Le Chili, l’Union soviétique et une tache sur la réputation de la FIFA

Lors de la première visualisation, la séquence est assez bénigne. Presque gai.

Dans une vidéo tournée dans cette riche couleur des années 1970, des joueurs chiliens sont montrés saluant la foule pendant la lecture de leur hymne national. Cependant, alors que le jeu démarre et que la caméra commence à reculer, des groupes de supporters s’affichent parmi des rangées de sièges vides.

Il n’y a pas non plus d’opposition.

Les joueurs chiliens avancent dans une moitié vide. Ils passent doucement le ballon entre eux avant, finalement, l’un d’eux cogne un tir dans un filet non gardé. L’arbitre attribue le but, revient vers la ligne médiane et le jeu se termine.

C’est le genre d’anomalie qui se produit lors d’un match amical, mais c’était en fait le match retour d’un match de qualification intercontinental pour la Coupe du monde 1974. Deux mois auparavant, en septembre 1973, le Chili avait tenu l’Union soviétique à égalité à Moscou devant 50 000 personnes. C’était une source d’embarras national pour les Soviétiques, qui avaient espéré une victoire facile sur le sol national, mais ils ont refusé de participer au match retour et ont renoncé à leur place en Allemagne de l’Ouest dans le processus.

Ce n’était pas l’opposition à laquelle ils s’opposaient, mais le lieu.
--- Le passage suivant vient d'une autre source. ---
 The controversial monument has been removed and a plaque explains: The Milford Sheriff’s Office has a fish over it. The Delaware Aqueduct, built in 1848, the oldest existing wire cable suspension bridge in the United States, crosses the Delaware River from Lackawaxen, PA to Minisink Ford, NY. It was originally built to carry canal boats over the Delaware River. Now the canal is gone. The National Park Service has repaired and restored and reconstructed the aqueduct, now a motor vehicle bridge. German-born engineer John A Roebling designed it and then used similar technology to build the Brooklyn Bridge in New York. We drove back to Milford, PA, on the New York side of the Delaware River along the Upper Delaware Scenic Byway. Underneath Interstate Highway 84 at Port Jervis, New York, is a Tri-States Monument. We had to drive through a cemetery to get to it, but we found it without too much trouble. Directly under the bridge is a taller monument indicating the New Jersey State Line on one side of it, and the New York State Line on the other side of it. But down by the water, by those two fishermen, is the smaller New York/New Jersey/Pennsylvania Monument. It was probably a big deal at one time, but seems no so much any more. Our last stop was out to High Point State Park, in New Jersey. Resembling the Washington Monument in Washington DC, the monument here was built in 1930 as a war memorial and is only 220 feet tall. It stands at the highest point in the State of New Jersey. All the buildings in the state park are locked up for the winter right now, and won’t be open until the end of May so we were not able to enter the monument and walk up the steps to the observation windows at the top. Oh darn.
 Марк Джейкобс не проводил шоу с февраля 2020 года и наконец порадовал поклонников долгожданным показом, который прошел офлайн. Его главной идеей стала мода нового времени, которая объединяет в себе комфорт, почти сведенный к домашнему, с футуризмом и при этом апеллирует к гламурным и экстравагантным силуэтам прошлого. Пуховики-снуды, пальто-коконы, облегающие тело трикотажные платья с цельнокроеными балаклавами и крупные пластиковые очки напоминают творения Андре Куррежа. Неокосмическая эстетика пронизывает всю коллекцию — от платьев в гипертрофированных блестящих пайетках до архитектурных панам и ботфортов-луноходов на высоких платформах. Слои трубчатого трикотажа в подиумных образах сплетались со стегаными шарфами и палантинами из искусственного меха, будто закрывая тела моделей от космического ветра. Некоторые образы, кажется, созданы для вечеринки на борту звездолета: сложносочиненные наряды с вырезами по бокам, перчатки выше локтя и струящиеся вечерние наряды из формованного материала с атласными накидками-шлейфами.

Le match de retour devait avoir lieu à Estadio Nacional, le stade national du Chili à Santiago, et pendant les deux mois précédents, il avait été utilisé comme prison pour quelque 40 000 personnes.

Ses couloirs souterrains avaient cependant des secrets plus sombres et plus terrifiants. Les hommes d’Augusto Pinochet torturaient et exécutaient leurs opposants politiques, essayant d’éliminer toute personne fidèle au président déchu et décédé Salvador Allende ou qui pourrait constituer une menace pour le nouveau régime militaire.

On ne sait pas vraiment si Allende s’est suicidé. Ce que l’on sait, c’est que le coup d’État de l’armée atteignant son paroxysme sanglant et les forces de Pinochet à l’intérieur du palais présidentiel, il a parlé en direct à la nation à la radio une dernière fois.

«Travailleurs de mon pays, j’ai confiance dans le Chili et son destin. D’autres hommes vont surmonter ce moment sombre et amer où la trahison cherche à prévaloir. Gardez à l’esprit que, bien plus tôt que tard, les grandes avenues seront à nouveau ouvertes par lesquelles passeront des hommes libres pour construire une société meilleure. Vive le Chili! Vive le peuple! Vive les travailleurs! »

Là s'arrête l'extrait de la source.